Почитайте и подумайте, чем отличается фронтовик от иного фронтовика и прошу Вас на некоторые мои слова не обижаться, потому, что у нас с Вами серьёзный и деловой разговор о войне. Я вам долго не писал, извините, считайте, что два листа за месяц!
С искренним уважением, Шумилин А. И.
г. Москва. ' __ ' февраля 1981 года.
О чем автор умолчал …
Здесь я хочу рассказать, о чем автор умолчал и чем отличаются устные рассказы, которые я с пионерского возраста слушал многократно, от записанных.
На мой взгляд, все личные воспоминания о войне, в той или иной степени, представляют интерес.
Начало 20-го века в России, это время смуты. Первая мировая война, революция, гражданская война, репрессии, голод, разруха, нищета, безработица и т. д.
Рассказывая о брате Саше, я не могу не сказать о самых близких для меня людях, хотя бы даже и очень кратко.
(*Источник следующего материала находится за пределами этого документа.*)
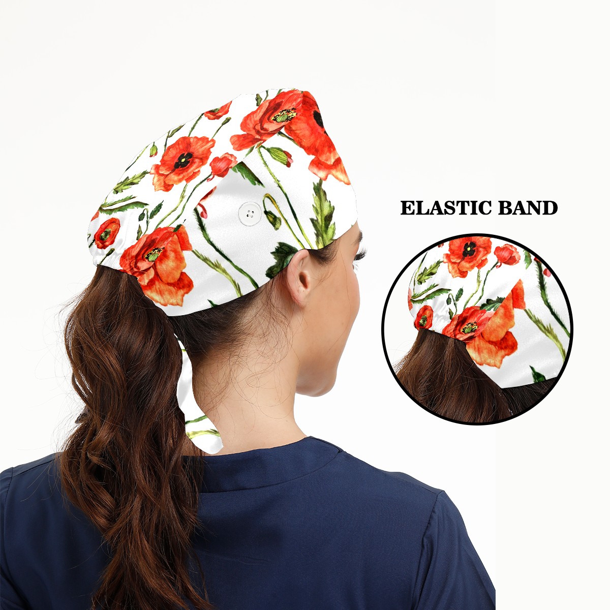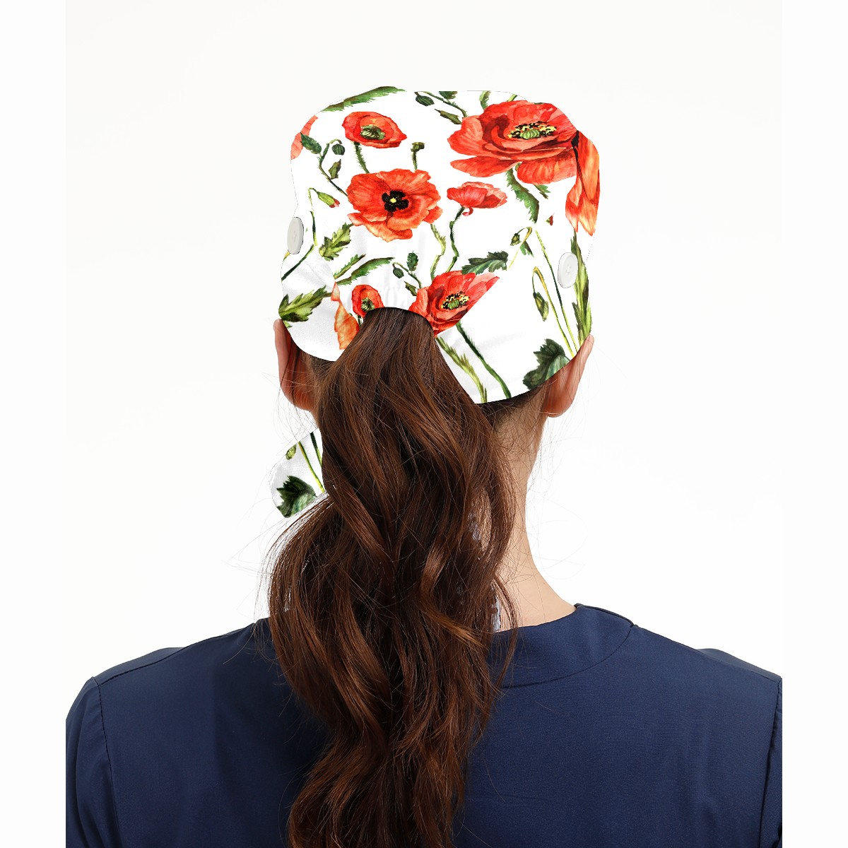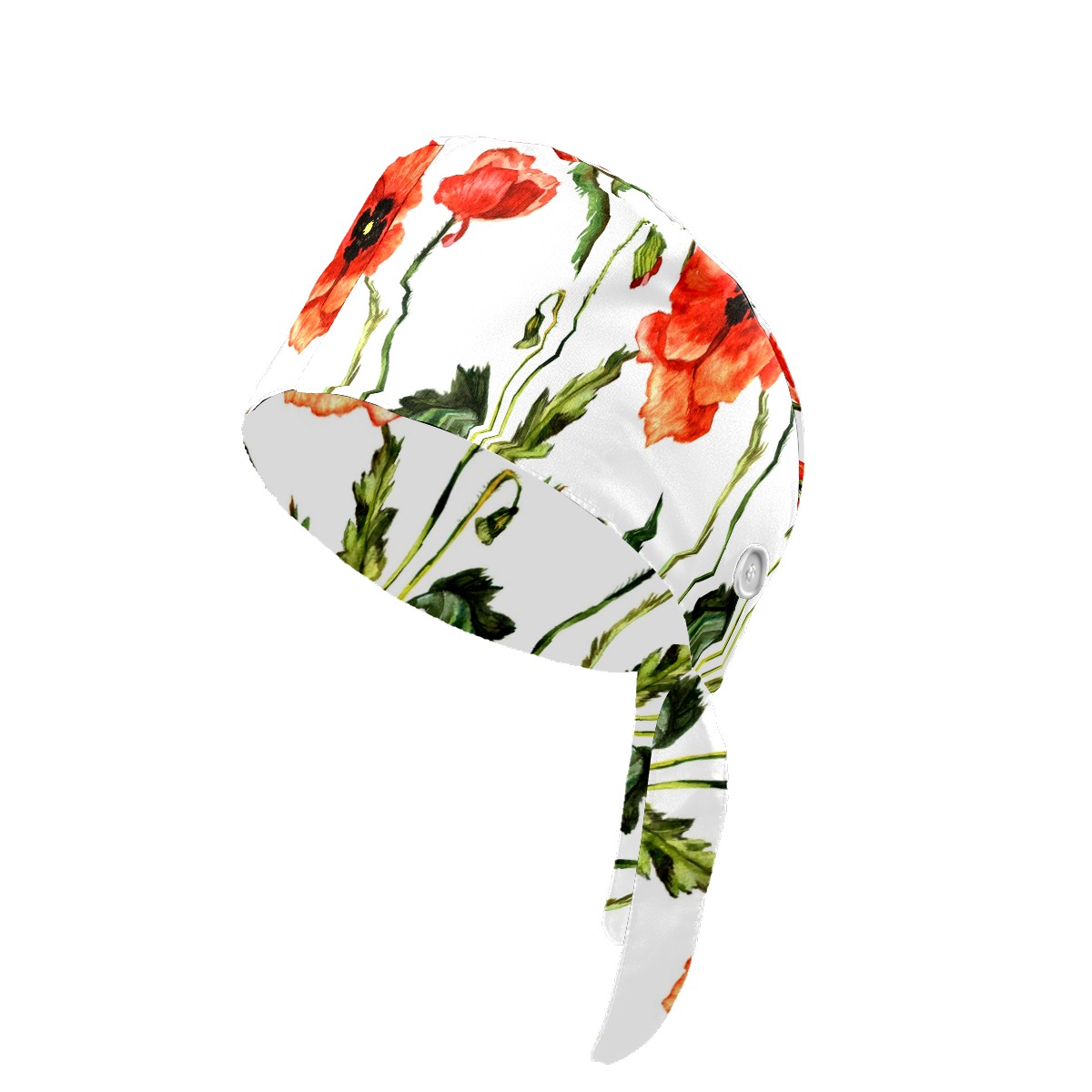 Working Caps with Button & Sweatband Satin Lined Cotton Adjustable Nurse Hats Elastic Band Scrub Cap Surgeon Hat Red Poppy Flowers Watercolor

Жили мы в Москве, на улице Большая Переяславская в деревянном двухэтажном доме барачного типа. Наш папа, Шумилин Илья …, вернулся с первой мировой войны инвалидом, хлебнувшим немецких газов. Во время НЭПа был безработным. Он умер в 1933 году, когда мне исполнилось 2 года и 4 месяца, моей сестре Люсе было 6 лет, а брату Саше 12 лет. Наша мама, Шумилина Федосья Никитична, была полуграмотная. Работала санитаркой в больнице, потом медсестрой в поликлинике. После смерти отца, ей предложили двоих из нас отдать в детский дом, но мама сказала нет — 'Какой палец ни отрежь, всё равно больно!'. Чтобы все мы были на глазах у мамы и не стали беспризорниками, она оставила работу в поликлинике и стала надомницей: вязала кофточки, свитера, шарфы, сети и вуали. Вскоре, от дизентерии чуть не умер и я. Мы жили очень бедно, точнее, в нищете. Вечерами, когда вся семья собиралась вместе, мама работала, а сестра и старший брат помогали ей. Мы, как могли, утешали её. Саша говорил — 'мама, когда я пойду работать, куплю тебе красивое пальто'. Люся говорила — 'мама, а когда я вырасту и пойду работать, куплю тебе самую красивую шляпу'. А я говорил — 'мама, когда я вырасту большой, то куплю тебе целую буханку черного хлеба'. Детство наше было не сытым. Когда это было?
На фронте, в самом начале, автор вел дневник, но потом инстинктивно, по наитию, уничтожил его. По моим предположениям, это произошло вскоре после суда, малейший повод против него мог стоить ему жизни, да и записи вести было запрещено.
У войны есть две стороны, это лицевая или парадная сторона, о ней более 60 лет прифронтовые 'фронтовики', как правило, сочиняли байки с небылицами. Никто не захотел выставлять себя в неприглядном виде. И оборотная. Всё зависит с какой стороны посмотреть.